* [Required work]
This task calls for every entry below to be repeated exactly, without the pictures.
------ Records
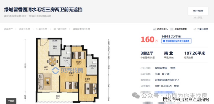 🏠面积107平,挂160万,(价格可谈)三房二厅二卫,单价14000多。小区还有几套同户型的房源。目前这个房子是小区同户型最便宜的。也有其它楼层可以对比。 预算在160万左右这个房子必看。
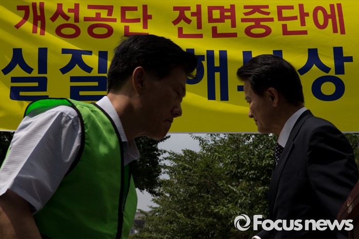 (서울=포커스뉴스) 14일 오후 서울 영등포구 국회의사당역 인근에서 정동영(오른쪽) 국민의당 의원이 개성공단 비상대책위원회원들의 실질보상 촉구 집회장을 찾아 격려하고 무대를 내려가고 있다.
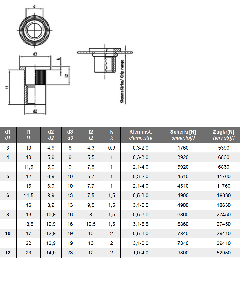 Blindnietmuttern Flachkopf, gerändelt, P1025BB A4-1.4401 rostfrei M8x16 K:0,5-3,0
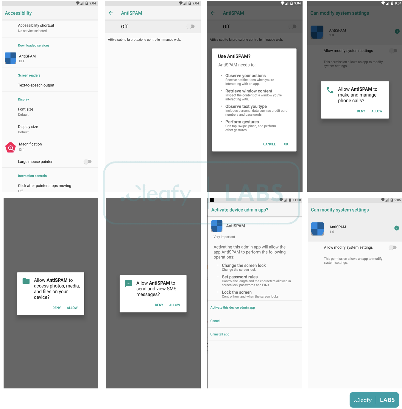 Once the malicious app is installed, the fraud operators can take control of the victim infected devices thanks to the abuse of the Accessibility services, the SMS permission, and the recording/casting module of the malware.
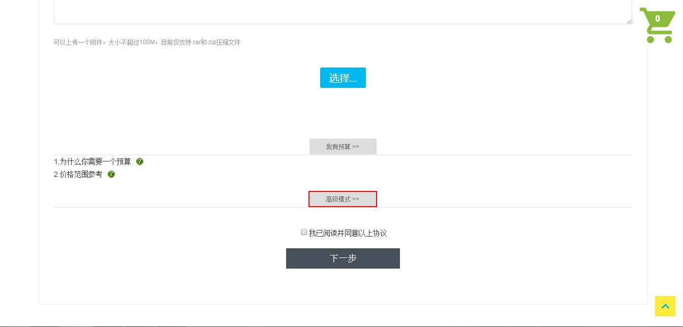 填写详细需求和图片,下一步提交项目
------------
* [Response to this exercise]
 🏠面积107平,挂160万,(价格可谈)三房二厅二卫,单价14000多。小区还有几套同户型的房源。目前这个房子是小区同户型最便宜的。也有其它楼层可以对比。 预算在160万左右这个房子必看。
 (서울=포커스뉴스) 14일 오후 서울 영등포구 국회의사당역 인근에서 정동영(오른쪽) 국민의당 의원이 개성공단 비상대책위원회원들의 실질보상 촉구 집회장을 찾아 격려하고 무대를 내려가고 있다.
 Blindnietmuttern Flachkopf, gerändelt, P1025BB A4-1.4401 rostfrei M8x16 K:0,5-3,0
 Once the malicious app is installed, the fraud operators can take control of the victim infected devices thanks to the abuse of the Accessibility services, the SMS permission, and the recording/casting module of the malware.
 填写详细需求和图片,下一步提交项目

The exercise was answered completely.